Gli organi di garanzia (tipo collegio dei probiviri)
non possono, a qualsiasi livello, essere scelti dall’au -
torità politica. Altrimenti l’autonomia del controllo
va a farsi benedire.
L’Idv dovrebbe adottare l’anagrafe più trasparente
degli eletti e dei propri esponenti di spicco: proprietà
e fonti di reddito devono essere rese pubbliche.

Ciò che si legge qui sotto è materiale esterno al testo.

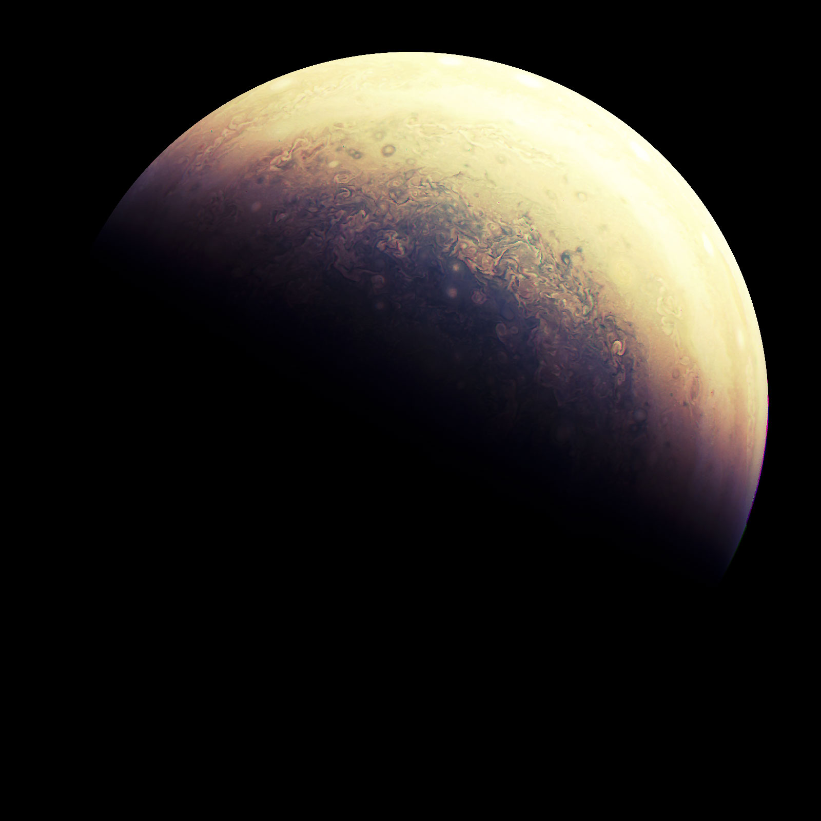 Junocam pixels are 12 bits deep from the camera but are converted to 8 bits inside the instrument using a lossless "companding" table, a process similar to gamma correction, to reduce their size. All Junocam products on the missionjuno website are in this 8-bit form as received on Earth. Scientific users interested in radiometric analysis should use the "RDR" data products archived with the Planetary Data System, which have been converted back to a linear 12-bit scale.
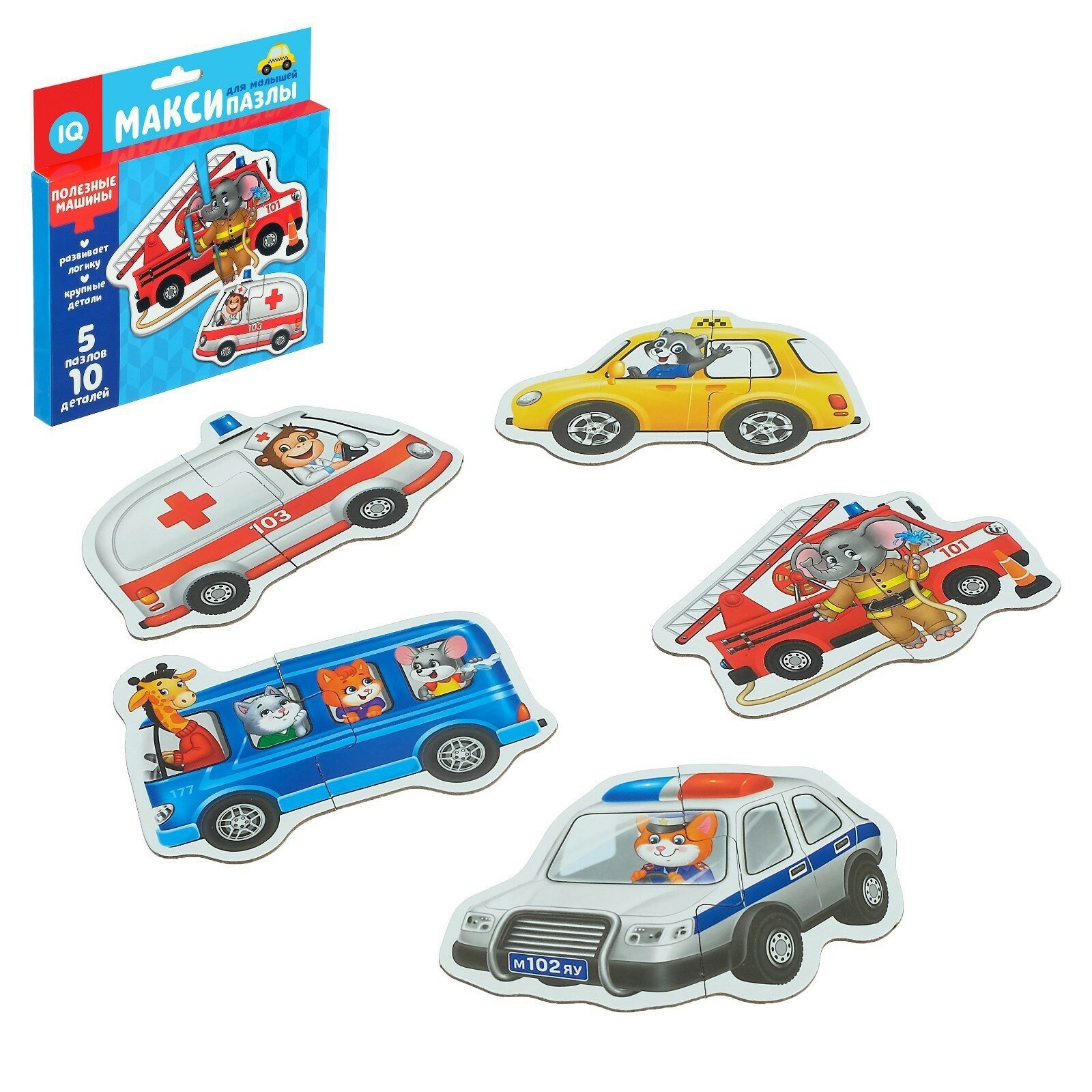 Купить Макси пазлы "Полезные машины", 5 пазлов, 10 деталей, Puzzle Time

Alla fine della legislatura i cittadini devono poter
verificare se l’eletto abbia tratto vantaggi indebiti
dalla sua carica. Il partito dovrebbe impegnarsi a
porre un proprio limite alla durata degli incarichi
elettivi.
Non so se la sola legislatura, indicata da Flores, sia un
limite praticabile e utile ma, intanto, porre con rigore
il limite delle due legislature sarebbe comunque
un passo avanti. Va da sé che l’Idv dovrebbe
puntare sempre a realizzare la parità di genere negli
incarichi elettivi e direttivi.
C’è infine un punto su cui il giudizio dei cittadini, e
in particolare quelli dei movimenti, sarà sempre più
impietoso: essere parente o convivente stretto di un
eletto non può essere condizione preferenziale per
la candidatura"
#1 mattia.pastrello 2010-01-05 12:24
Buongiorno On. Borghesi, rimango stupito nel leggere questo articolo, onestamente rimango stupito perchè è la conferma che le mie speranze non son affatto mal riposte e che c'è ancora qualcuno, nella fattispecie Lei, che ha il coraggio di rivangare degli argomenti fondamentali.
Questo delle due legislature, in primis.
In una realtà socioculturale come quella italiana una proposta come questa, che io da sempre appoggio, risolverebbe molti potentati e giochi di potere, darebbe nuova linfa e nuovo slancio, permetterebbe l'abbandono dei soliti malcostumi che purtroppo ci contraddistinguono, smantellerebbe forse qualche antico feudo.
Non sono un candidato al Congresso, non sono un iscritto, ma son un libero cittadino italiano che la appoggia in quest'utopica proposta.
I miei più sinceri complimenti.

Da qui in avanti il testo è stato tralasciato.